━━━ Raw data ━━━
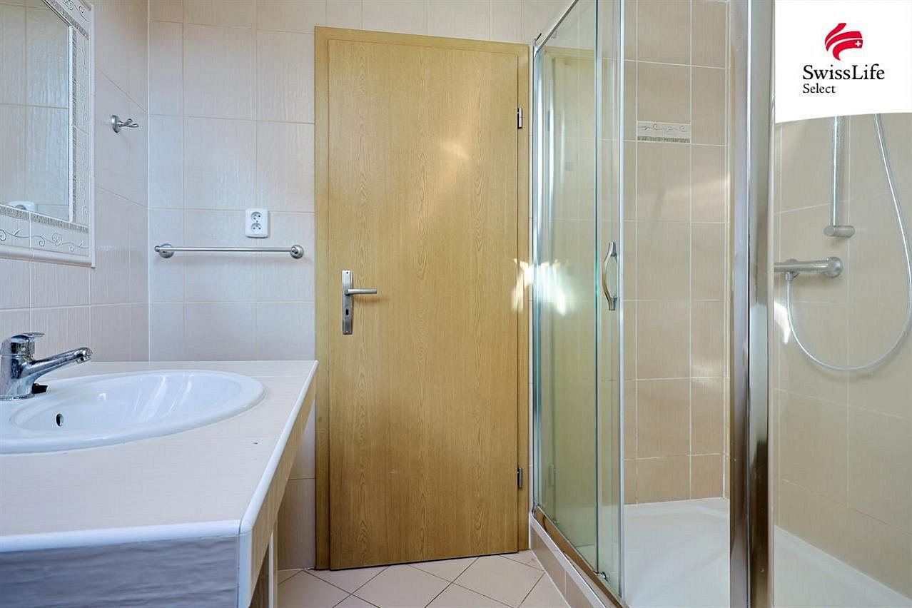 V podkroví jsou tři pokoje - jeden s balkonem, dále prostorná šatna, WC a koupelna se sprchou. Je zde také klimatizace.
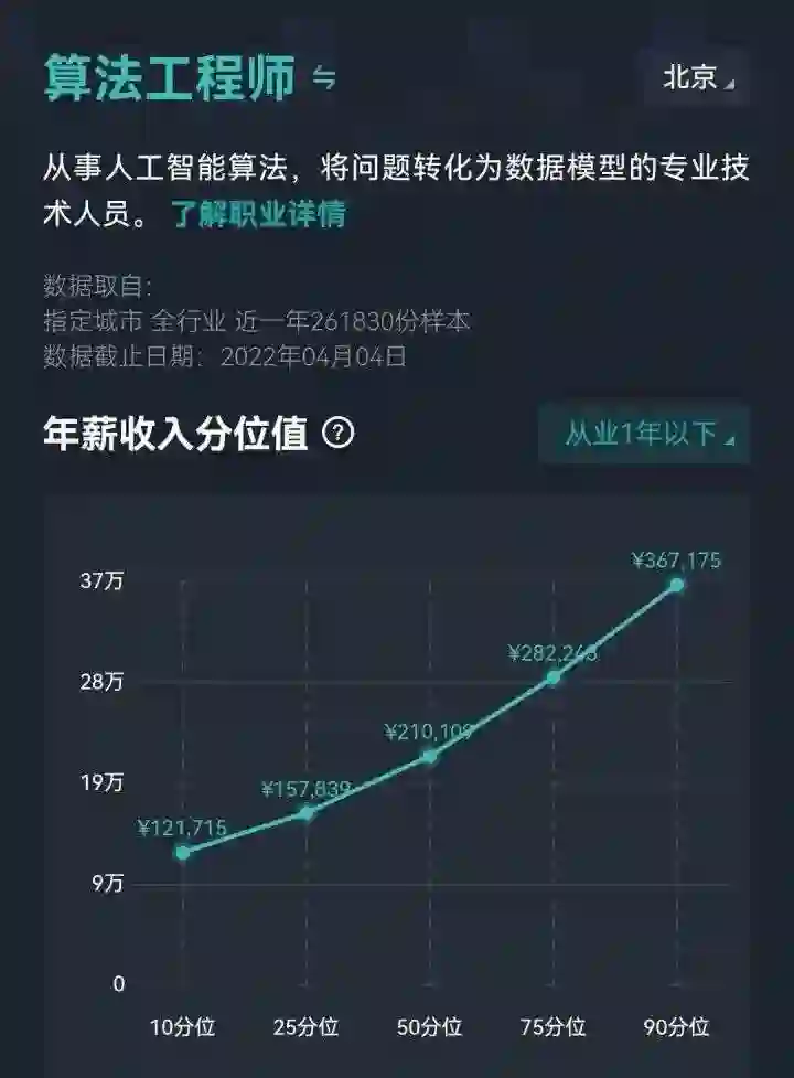 用户「僻露泠泠」直接把职场信息平台「看准」App里的可视化数据图扒拉来,可以看出即使月薪两万出头、年薪不到三十万的算法工程师,也在薪酬上赶超了四分之三的同行。
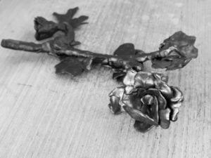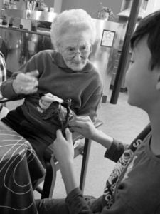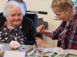 De sfeer is heel anders dan met de vorige bewoners, die bijna allemaal hoogbejaard zijn. Het vormen met was is ook in deze groep een flinke uitdaging. Eerst een plukje was warm maken in de handpalm, dan rustig kneden tot het zacht genoeg is om te verwerken. Een beginnetje maken door een bolletje goed aan de tak te kneden. Daaraan vast de bloemblaadjes. Rozen zijn favoriet. ‘Roosje m’n Roosje, dat is een liedje’. Ik stimuleer ze om de plaatjes en de bloemen op tafel te gebruiken als inspiratiebron en als houvast, maar niet als dwingend voorbeeld, zodat de eigen fantasie een kans krijgt. De kinderen nemen veelal het voortouw, maar de bewoners laten zich ook niet onbetuigd. Meeldraden ‘voor het stuifmeel’, een stamper in het midden en bladeren langs de steel ‘dat is wel uniek, hè?’ en soms doornen.
━━━
#### [Problem requirements]
Would you repeat the listing above exactly, minus the images?

#### [Task output]
 V podkroví jsou tři pokoje - jeden s balkonem, dále prostorná šatna, WC a koupelna se sprchou. Je zde také klimatizace.
 用户「僻露泠泠」直接把职场信息平台「看准」App里的可视化数据图扒拉来,可以看出即使月薪两万出头、年薪不到三十万的算法工程师,也在薪酬上赶超了四分之三的同行。
 De sfeer is heel anders dan met de vorige bewoners, die bijna allemaal hoogbejaard zijn. Het vormen met was is ook in deze groep een flinke uitdaging. Eerst een plukje was warm maken in de handpalm, dan rustig kneden tot het zacht genoeg is om te verwerken. Een beginnetje maken door een bolletje goed aan de tak te kneden. Daaraan vast de bloemblaadjes. Rozen zijn favoriet. ‘Roosje m’n Roosje, dat is een liedje’. Ik stimuleer ze om de plaatjes en de bloemen op tafel te gebruiken als inspiratiebron en als houvast, maar niet als dwingend voorbeeld, zodat de eigen fantasie een kans krijgt. De kinderen nemen veelal het voortouw, maar de bewoners laten zich ook niet onbetuigd. Meeldraden ‘voor het stuifmeel’, een stamper in het midden en bladeren langs de steel ‘dat is wel uniek, hè?’ en soms doornen.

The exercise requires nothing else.